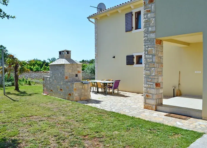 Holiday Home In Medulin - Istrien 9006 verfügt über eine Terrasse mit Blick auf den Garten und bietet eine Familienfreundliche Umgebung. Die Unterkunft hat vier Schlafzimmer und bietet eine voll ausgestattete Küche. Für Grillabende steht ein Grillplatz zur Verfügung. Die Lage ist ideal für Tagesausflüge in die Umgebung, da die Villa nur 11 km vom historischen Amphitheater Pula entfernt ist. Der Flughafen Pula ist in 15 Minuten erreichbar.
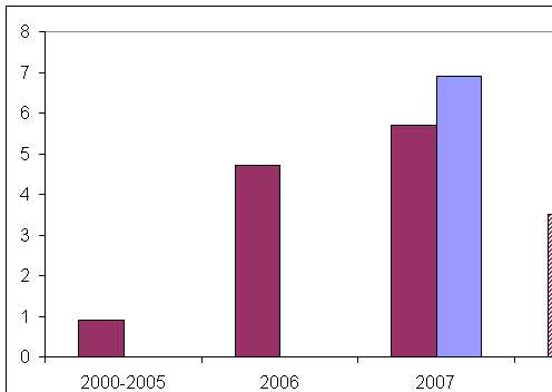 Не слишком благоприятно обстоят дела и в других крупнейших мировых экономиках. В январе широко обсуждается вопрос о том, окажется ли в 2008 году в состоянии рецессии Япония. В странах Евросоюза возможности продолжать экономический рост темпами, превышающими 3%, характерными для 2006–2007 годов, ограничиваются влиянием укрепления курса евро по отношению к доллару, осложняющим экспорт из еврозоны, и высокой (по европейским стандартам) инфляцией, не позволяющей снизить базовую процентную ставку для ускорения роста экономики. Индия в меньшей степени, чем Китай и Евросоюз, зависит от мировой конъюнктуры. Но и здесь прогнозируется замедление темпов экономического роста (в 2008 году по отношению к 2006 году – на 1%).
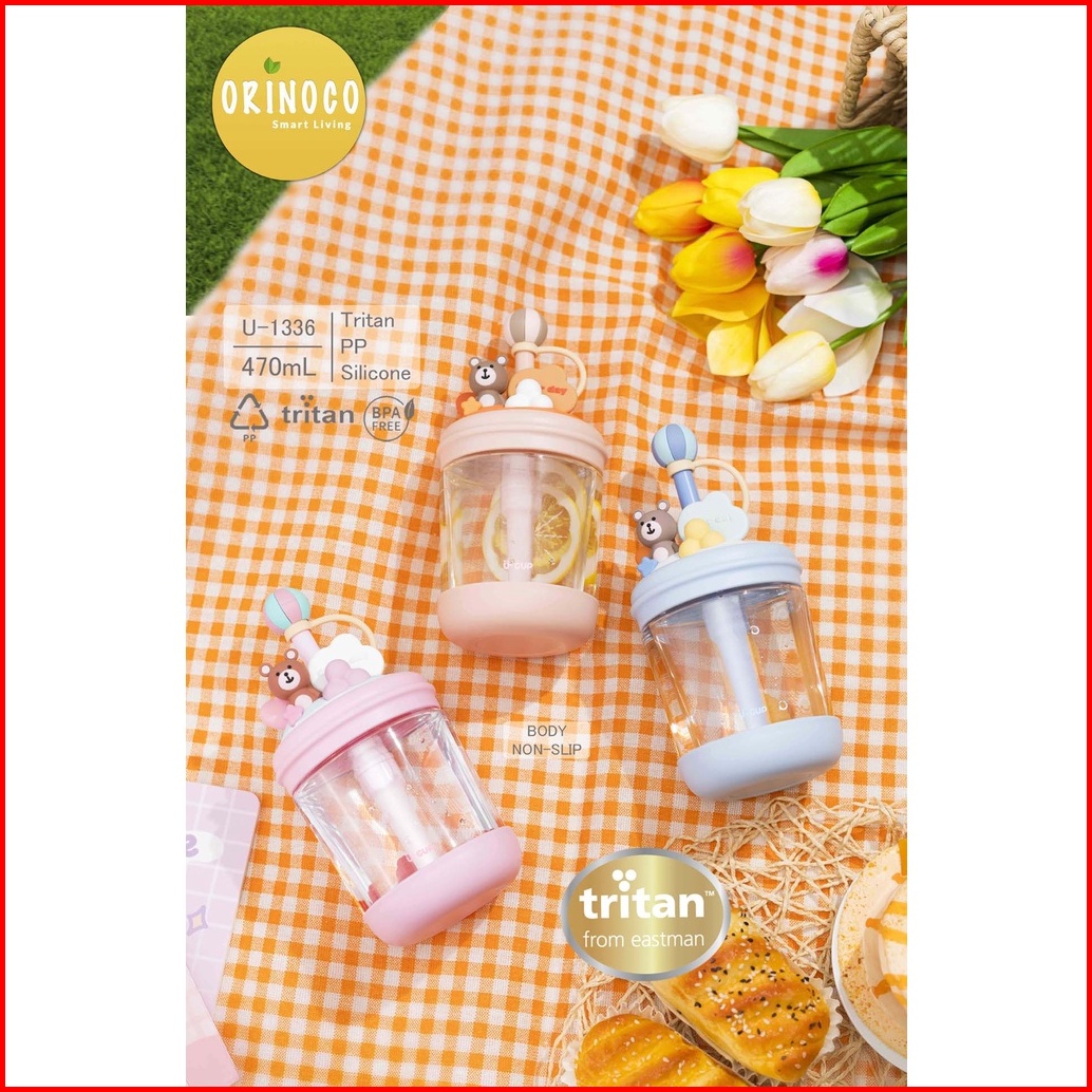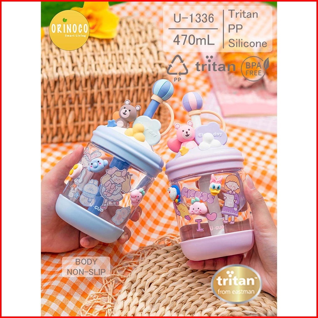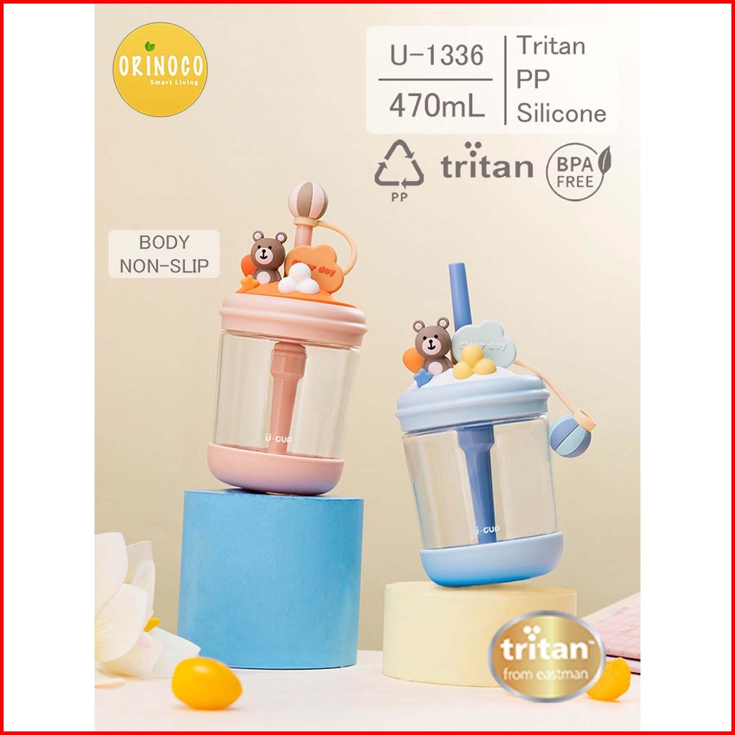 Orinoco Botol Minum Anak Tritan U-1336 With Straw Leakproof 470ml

---

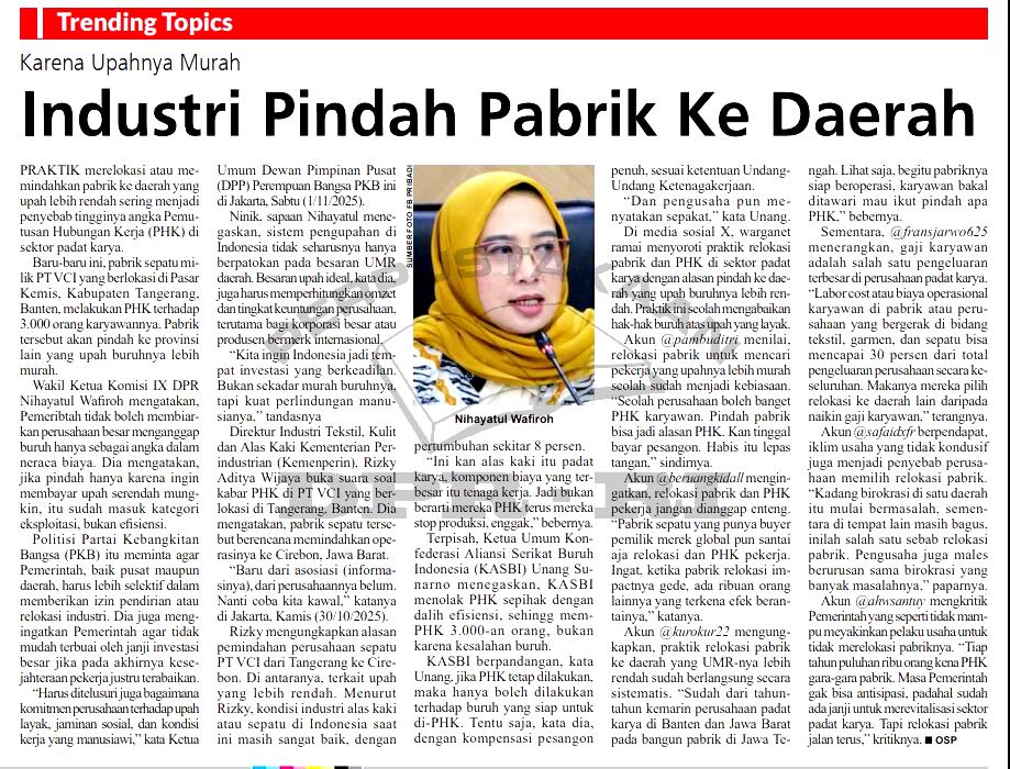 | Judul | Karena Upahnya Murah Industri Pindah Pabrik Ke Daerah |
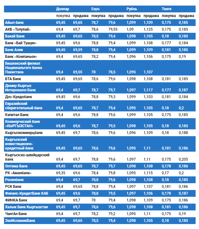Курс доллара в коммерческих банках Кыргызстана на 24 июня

The problem -
With pictures omitted, repeat the entries above word for word from the line holding "Не слишком благоприятно" down to the line holding "Orinoco Botol Minum", keeping both of those lines.

Problem solution -
 Не слишком благоприятно обстоят дела и в других крупнейших мировых экономиках. В январе широко обсуждается вопрос о том, окажется ли в 2008 году в состоянии рецессии Япония. В странах Евросоюза возможности продолжать экономический рост темпами, превышающими 3%, характерными для 2006–2007 годов, ограничиваются влиянием укрепления курса евро по отношению к доллару, осложняющим экспорт из еврозоны, и высокой (по европейским стандартам) инфляцией, не позволяющей снизить базовую процентную ставку для ускорения роста экономики. Индия в меньшей степени, чем Китай и Евросоюз, зависит от мировой конъюнктуры. Но и здесь прогнозируется замедление темпов экономического роста (в 2008 году по отношению к 2006 году – на 1%).
 Orinoco Botol Minum Anak Tritan U-1336 With Straw Leakproof 470ml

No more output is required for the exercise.